Şunu da ifade edeyim izninizle Sayın Başkan, değerli üyeler; Türkiye toprakları, Anadolu toprakları, Trakya'sı, Mezopotamya'sı, Kilikya'sı, Bitinya'sı, Kapadokya'sıyla aslında bir kültürel yağmaya tabi tutulmuş emperyal güçler tarafından. Troya'nın istilasından, Troya'nın yağmalanmasından tutalım Osmanlı döneminde yapılan yağmalamalar yine, tarihî eser kaçakçılığı, hırsızlık, "definecilik" adı altında yapılan yasa dışı çete faaliyetleri vesaire çok ciddi anlamda denetlenmesi gerekiyor. Zira şu anda Avrupa müzelerinde, Amerika müzelerinde, Rusya müzelerinde bulunan Anadolu'nun, Mezopotamya'nın kültürel değerleri içimizi acıtıyor. Bu kültürel değerlere de sahip çıkmak ve elbette ki uzak Asya'da bulunan Türk kardeşlerimizin kültürel değerlerine de sahip çıkmak, onları da algılamak ve birlikte yaşamak gibi sosyal, kültürel, tarihî görevlerimiz söz konusu, bu ölçekte bir bakış açısıyla kurum yapılandırılmalı.

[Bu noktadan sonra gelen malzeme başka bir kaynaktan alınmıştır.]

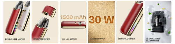 Building on the iconic design of the VMATE E, the latest VMATE E2 delivers even more fabulous elegance with an upgraded double-sided leather and magnetic cover. 3X upgraded new cartridges provide an enhanced pure vaping experience,and an increased power of 1500 mAh for multiple days of use.and power by built-in 1500mAh battery, and 30w max output wattage,and the 3ml volume ejuice capacity for daily use without frequent refilling. compatible with all VMATE Top Fill Cartridges and VMATE side filling series.The gradient color light bar on the side of the device,along with a percentage display of the battery level.

Maddeler üzerinde elbette görüşlerimizi ifade edeceğiz ama şunu tekrar ifade edip izninizle bitireyim: Bu yağmaya ve talana, bu kaçırmaya -bu başka yerlere götürüp- hatta nereden alındığına dair ibarenin bile konmadığı bu duruma zaman zaman küçük müdahaleler var ama bu konuda ciddi bir müdahale gerekiyor.

Bir de bu ören yerlerinde, bu antik yerlerde bilgilendirmeler, tabelalar, görevliler... Bakın, gidiyoruz, özellikle görevlilerle konuşuyoruz; görevliler, görevli olduğu yerlere dair hiçbir şey bilmiyorlar -ne tarihî bir şeyi biliyorlar- sadece orada ya bilet alışverişi ya da işte, güvenlik gibi görevler yapıyorlar ama bunu tarihî anlamda bilen, rehberlik edecek, anlatabilecek kişilerin de olması gerekiyor, oraların düzenlenmesi, denetlenmesi, yönlendirilmesi gerekiyor. Bu sorumlulukları da içeren bir bakış açısı olsa daha iyi olurdu diye düşünüyor, saygılar sunuyorum.